DESCRIPTION OF THE TASK
Copy all data exactly. Skip pictures.

DATA EXTRACT
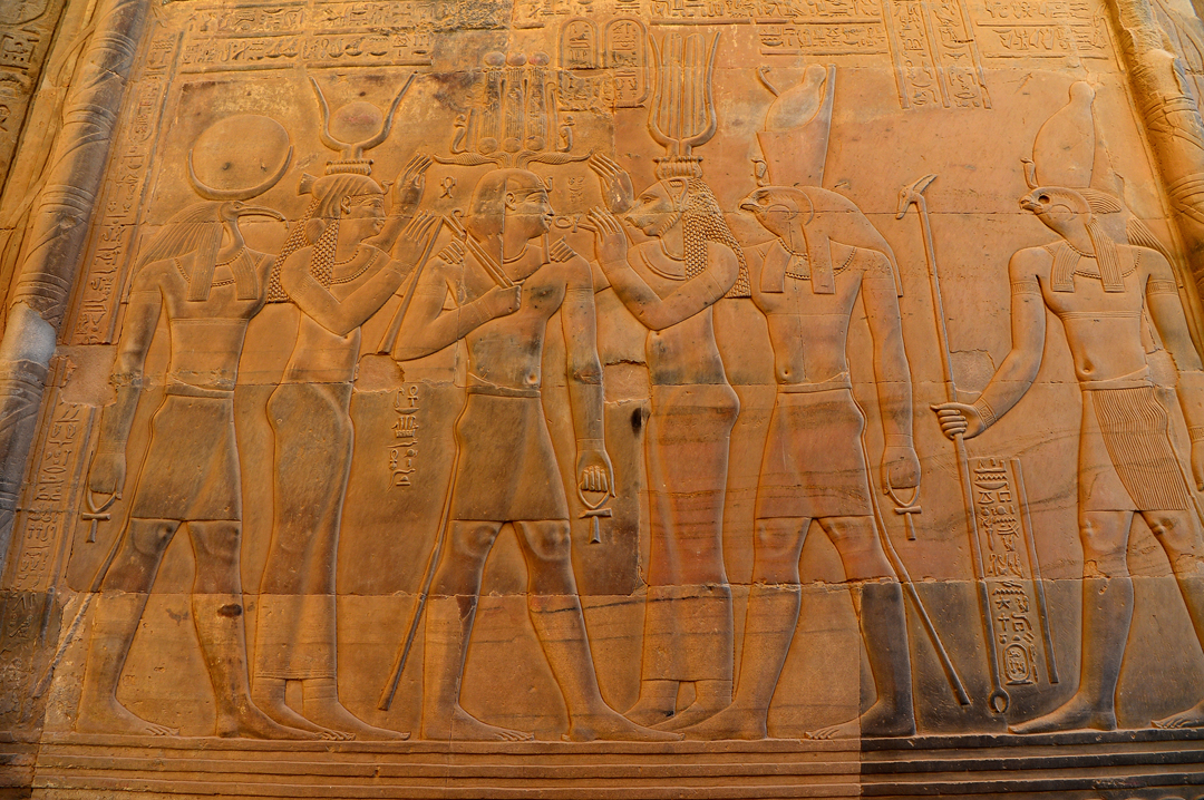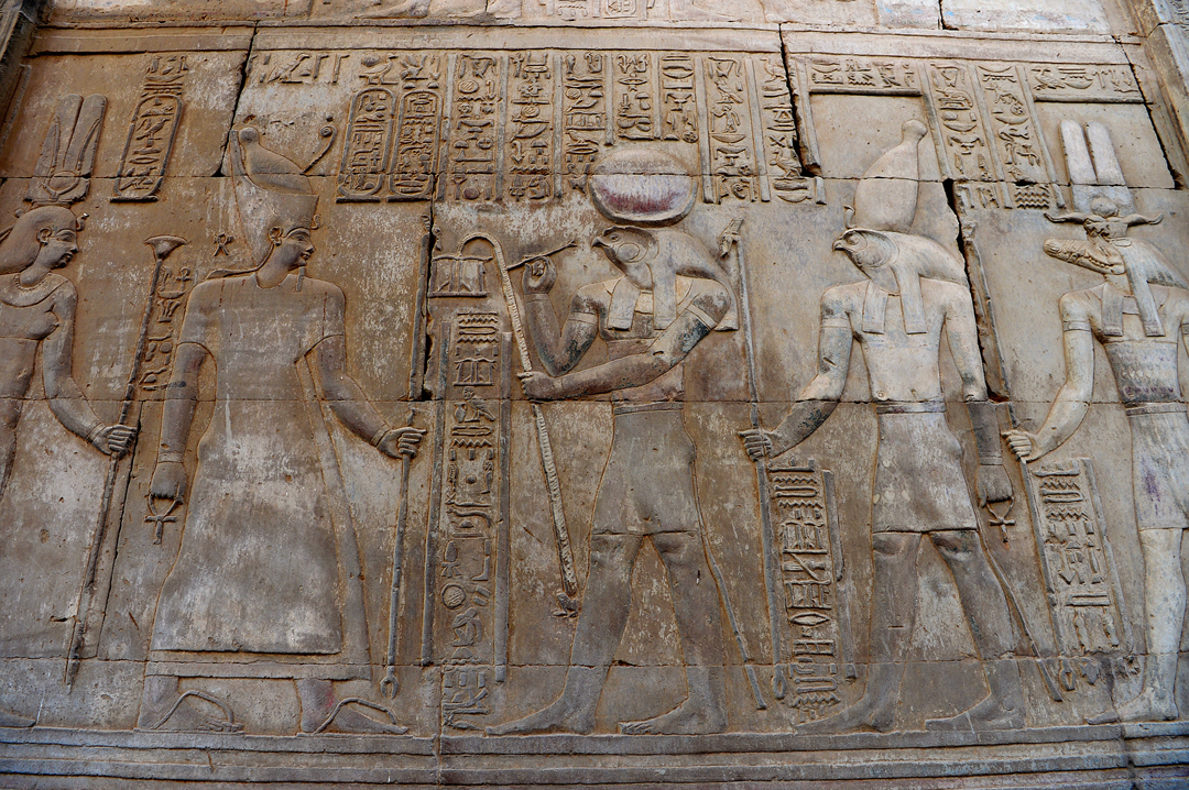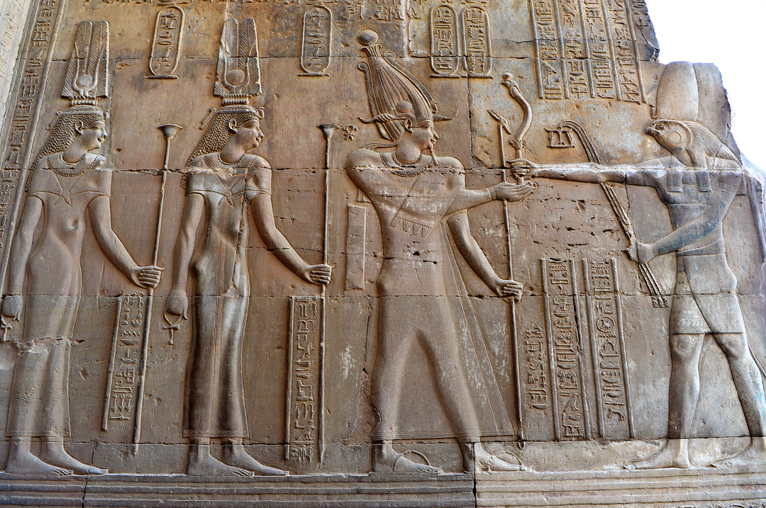 신들에게 경배를 드리는 파라오와 왕권 수호신 호루스, 악어 머리를 한 물의 신 소베크, 왕비 수호신으로 불리는
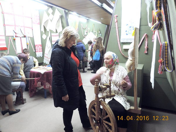Затым за справу ўзяліся народныя ўмельцы, якія падзяліліся сакрэтамі свайго майстэрства. “Спяваў” калаўротак у руках Гэлены Янаўны Гры-гілевіч, калі яна дэманстравала, як прадзецца шэрсць. Ядвіга Людвікаўна Коўза і Станіслава Вікенц’еўна Міхна прапаноўвалі гасцям павучыцца ткацкай справе. Прысутныя на свяце з задавальненнем садзіліся за ткацкі станок. Маўляў, калі ж яшчэ выдасца такая цудоўная магчымасць! А далучыццца да гэтага старажытнага майстэрства і адчуць непарыўную повязь са сваімі продкамі мелі магчымасць усе прысутныя.
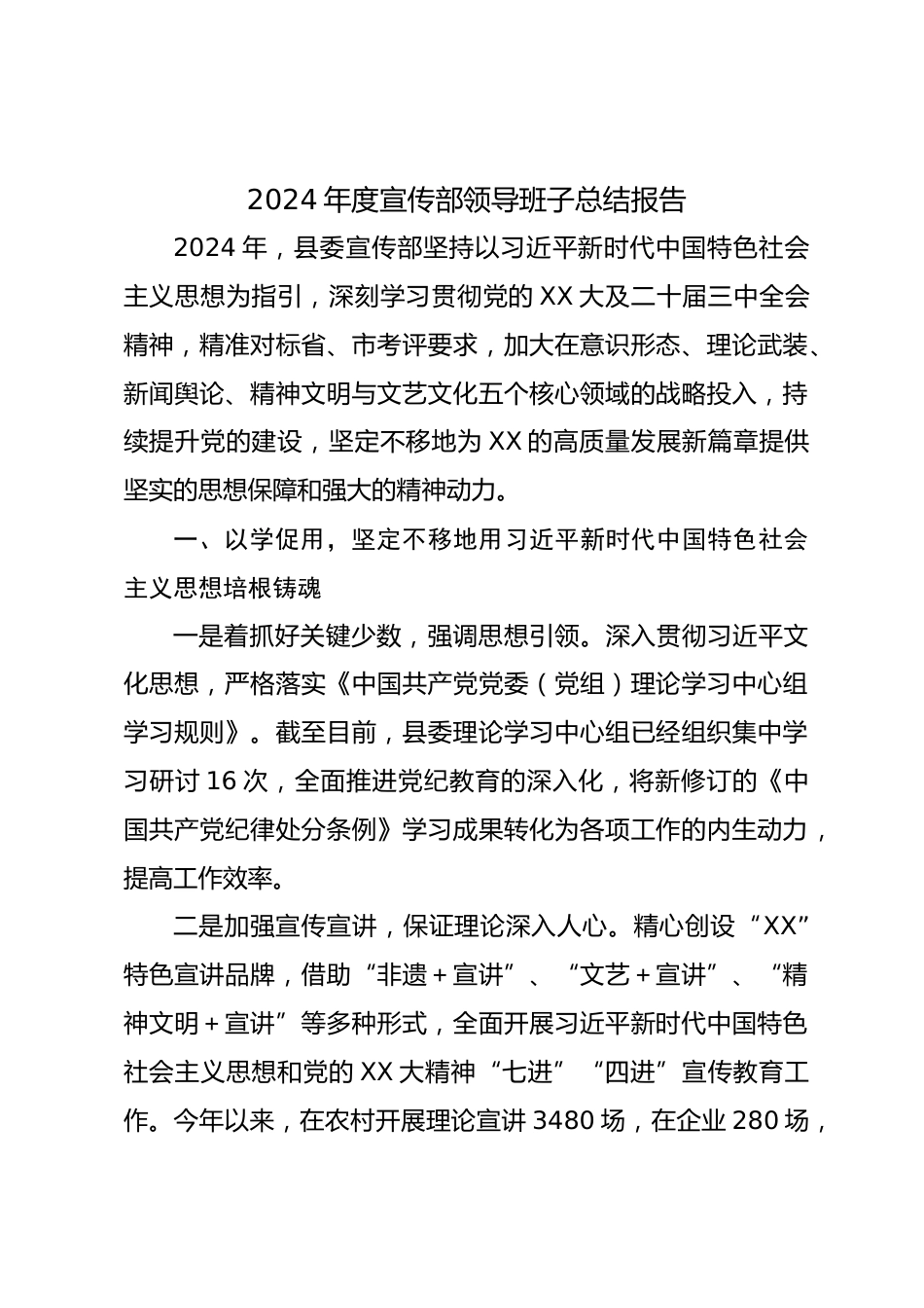 2024年度宣傳部領(lǐng)導(dǎo)班子總結(jié)報(bào)告VIP免費(fèi)

ANSWER SECTION
 신들에게 경배를 드리는 파라오와 왕권 수호신 호루스, 악어 머리를 한 물의 신 소베크, 왕비 수호신으로 불리는
Затым за справу ўзяліся народныя ўмельцы, якія падзяліліся сакрэтамі свайго майстэрства. “Спяваў” калаўротак у руках Гэлены Янаўны Гры-гілевіч, калі яна дэманстравала, як прадзецца шэрсць. Ядвіга Людвікаўна Коўза і Станіслава Вікенц’еўна Міхна прапаноўвалі гасцям павучыцца ткацкай справе. Прысутныя на свяце з задавальненнем садзіліся за ткацкі станок. Маўляў, калі ж яшчэ выдасца такая цудоўная магчымасць! А далучыццца да гэтага старажытнага майстэрства і адчуць непарыўную повязь са сваімі продкамі мелі магчымасць усе прысутныя.
 2024年度宣傳部領(lǐng)導(dǎo)班子總結(jié)報(bào)告VIP免費(fèi)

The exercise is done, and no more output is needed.